The board of Royal Bafokeng Platinum (RBPlat) certainly took its time to form an opinion about an offer from bigger rival Impala Platinum (Implats) to buy at least a controlling stake in the midtier precious metals miner.
It could have well been waiting to see if Northam Platinum, led by contrarian CEO Paul Dunne, still had the stomach to take on Implats in the tussle for RBPlat, which sits atop a shallow high-grade resource that could be dug out for about six decades.
But in the absence of another suitor and with Dunne silent since his company became the biggest shareholder in RBPlat after striking a R180 per share deal with Royal Bafokeng Holdings, the board had little choice but to advise shareholders to accept Implats’ R150 per share offer.
We do not know if Implats’ offer, which values the company at R43bn, is the same one pitched to shareholders before Northam dangled its commercially superior offer to Royal Bafokeng Holdings.
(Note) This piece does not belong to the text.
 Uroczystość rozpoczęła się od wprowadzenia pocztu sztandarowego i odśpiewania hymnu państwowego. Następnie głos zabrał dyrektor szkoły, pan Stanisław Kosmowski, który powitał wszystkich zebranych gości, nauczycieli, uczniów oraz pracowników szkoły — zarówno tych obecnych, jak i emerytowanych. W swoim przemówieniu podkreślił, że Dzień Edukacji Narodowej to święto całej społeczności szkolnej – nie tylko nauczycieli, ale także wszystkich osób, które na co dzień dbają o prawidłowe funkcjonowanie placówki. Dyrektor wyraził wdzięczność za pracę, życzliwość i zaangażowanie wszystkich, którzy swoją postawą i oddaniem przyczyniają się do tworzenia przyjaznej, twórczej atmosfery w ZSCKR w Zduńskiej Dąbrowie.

The latter’s acceptance of the offer, which values RBPlat at R52bn, knocked Implats’ original intention to buy out the company off course.
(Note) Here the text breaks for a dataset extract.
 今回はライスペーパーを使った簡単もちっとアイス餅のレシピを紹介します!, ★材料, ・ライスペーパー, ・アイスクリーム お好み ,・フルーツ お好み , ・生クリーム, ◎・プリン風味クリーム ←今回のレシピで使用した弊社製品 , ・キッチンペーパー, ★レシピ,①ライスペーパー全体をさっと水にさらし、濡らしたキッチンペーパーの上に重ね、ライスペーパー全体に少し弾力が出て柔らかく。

But it is safe to surmise that the Implats offer, for all its compelling industrial merits and value-creation opportunities, was nowhere near what Northam offered Royal Bafokeng. One cannot fault Leruo Molotlegi, the traditional king of the Bafokeng community in the North West who leads Royal Bafokeng, for rejecting the Implats bid in favour of a bilateral deal with Northam.
At the time, it had looked as if Nico Muller, the boss of Implats, would miss out again, until a large chunk of shareholders felt aggrieved at being sidelined in the Northam-Royal Bafokeng Holdings deal. That anger was enough for Muller to renew his approach to RBPlat, offering a combination of cash and shares to minorities and securing more than a third of the company from some.
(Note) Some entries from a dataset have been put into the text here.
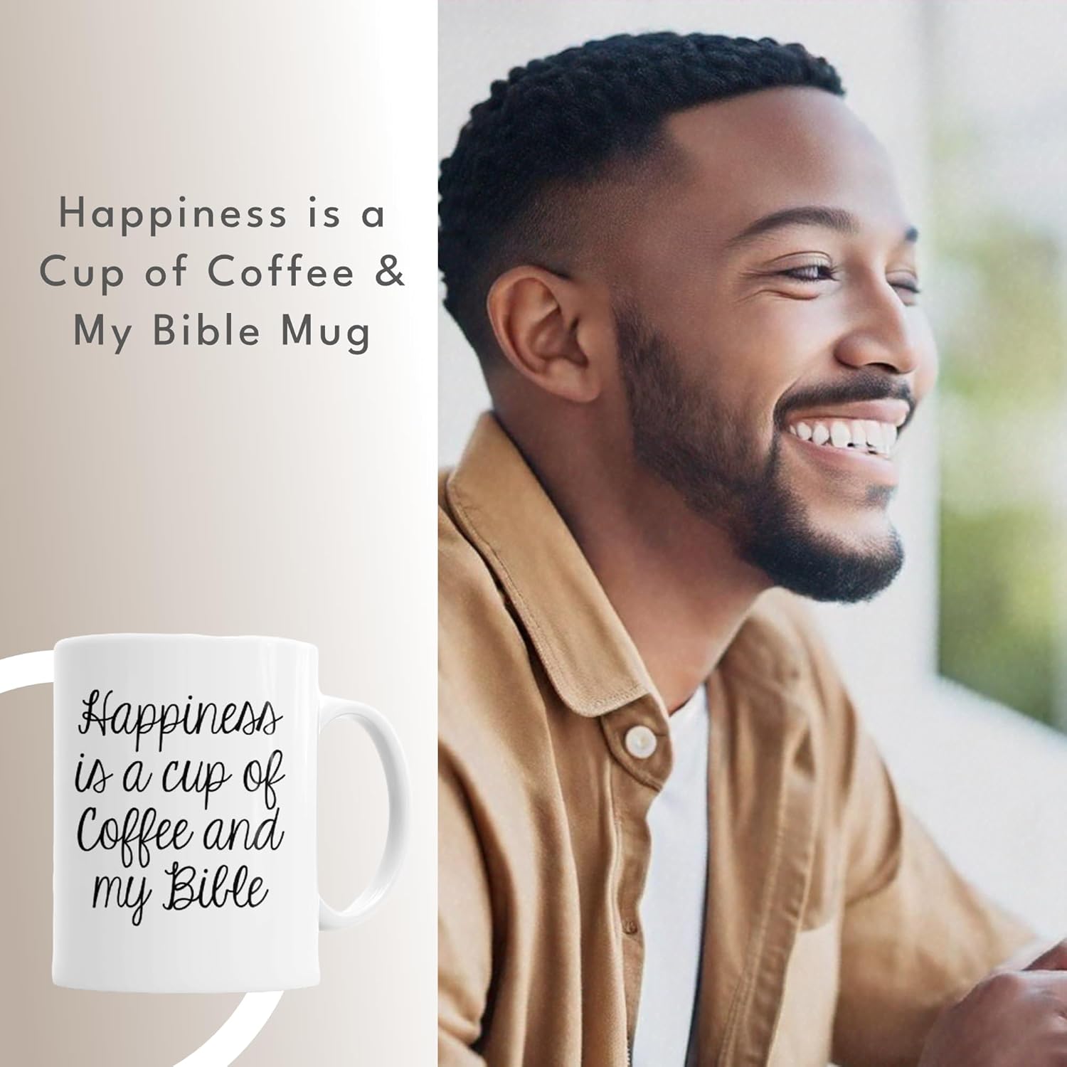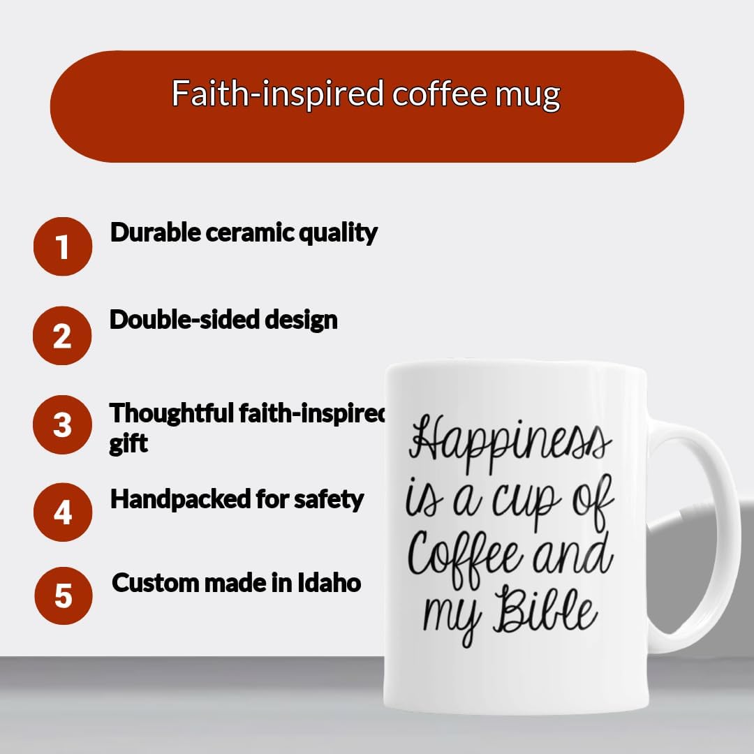 Happiness is a Cup of Coffee & My Bible Mug – Ceramic Christian Gift for Women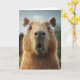 En mycket detaljerad, komisk närbild av en kapybara med brett, uttrycksfullt ögon, skapande ett superskoj och ett häpnadsväckande uttryck.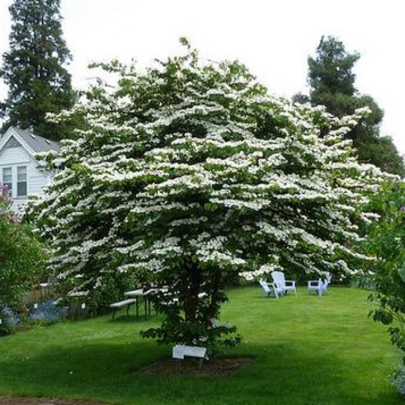 This variety produces masses of white flowers along horizontal branches in late spring. The resulting display can be absolutely outstanding, thanks to blossoms that seemingly floating on air above the foliage.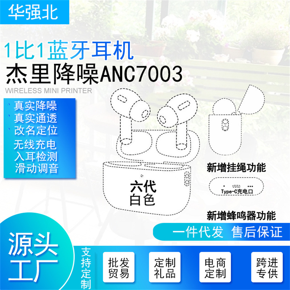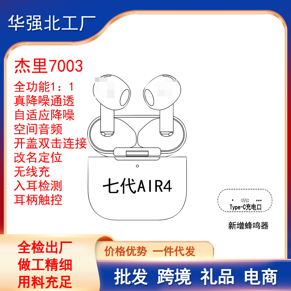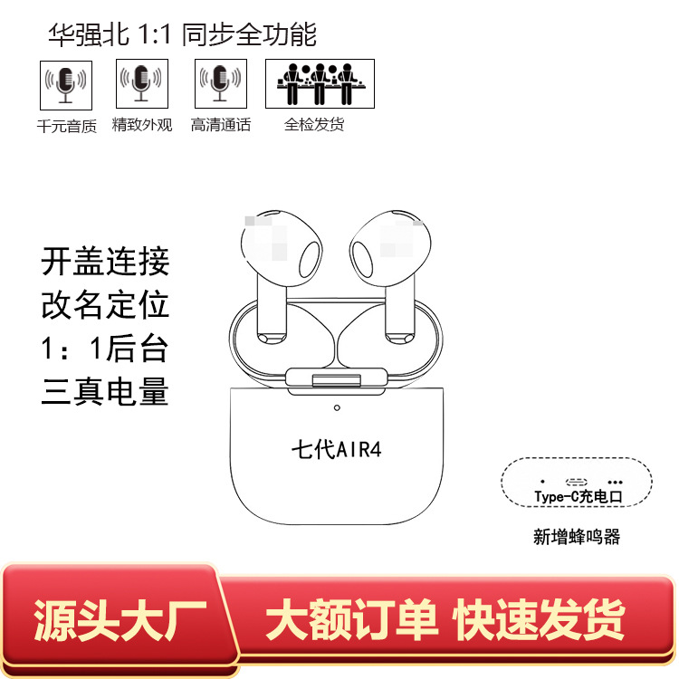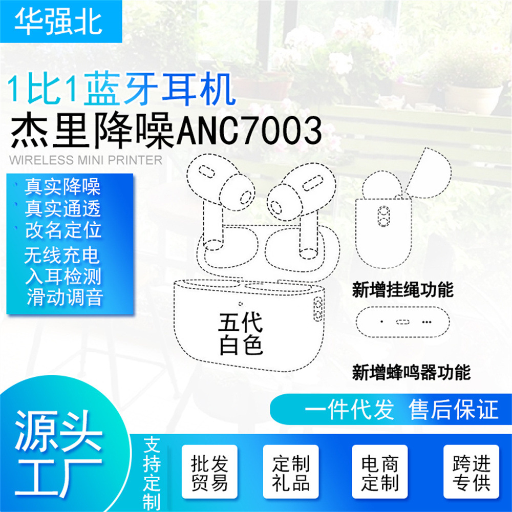 控制方式:入耳检测(光感) +降噪模式(真实)+通透模式(真实)+蜂鸣器+滑动音量调节+无线充电+开盖连接+改名定位+空间音频

So far, so good for Muller, who is determined to add RBPlat’s low-cost, mechanised assets, which are vital to extending the life of the Implats deep-level operations in the adjacent Rustenburg mining complex.
But Dunne, who went against the trend in the middle of the last decade by investing heavily in production when others in the sector were cutting capital expenditure after the collapse of metal prices, may still pull a rabbit out of the hat.
Yes, he seems to be backed into a corner with limited options. It is unlikely that the Takeover Regulation Panel, a merger & acquisitions watchdog in the department of trade & industry, will allow his team to formulate a new, lower offer to minorities when only a few months ago it coughed up R180 per share. Minorities will rightly cry foul.
Even so, Dunne may still extend the generous offer to Implats if he thinks shareholders, who stood by his side in the mid-2010s when he pumped money into Northam’s mines in pursuit of a 1-million ounces target, will back him one more time.
Dunne can probably pitch potential equity capital raising to fund the deal that rests on the idea that platinum group metals will have a place in a cleaner, environmentally friendly world. Last week President Cyril Ramaphosa detailed government plans to position SA as global leader in the hydrogen economy with a development pile worth R270bn. Platinum is used in electrolysers to make hydrogen and fuel cells powering cars, trains and ships.
Other countries have come up with policies aimed at developing a hydrogen economy, the standout of which is Germany. Europe’s largest economy launched a $10bn plan to develop large-scale green hydrogen by using wind and solar power to make synthetic fuels for industry, energy and transport sectors.
With more and more countries committing to net-zero emission targets, Dunne has enough reasons to tap shareholders for cash to fund the acquisition that will give his company a bigger slice of a market increasingly looking to hydrogen as an alternative to fossil fuels.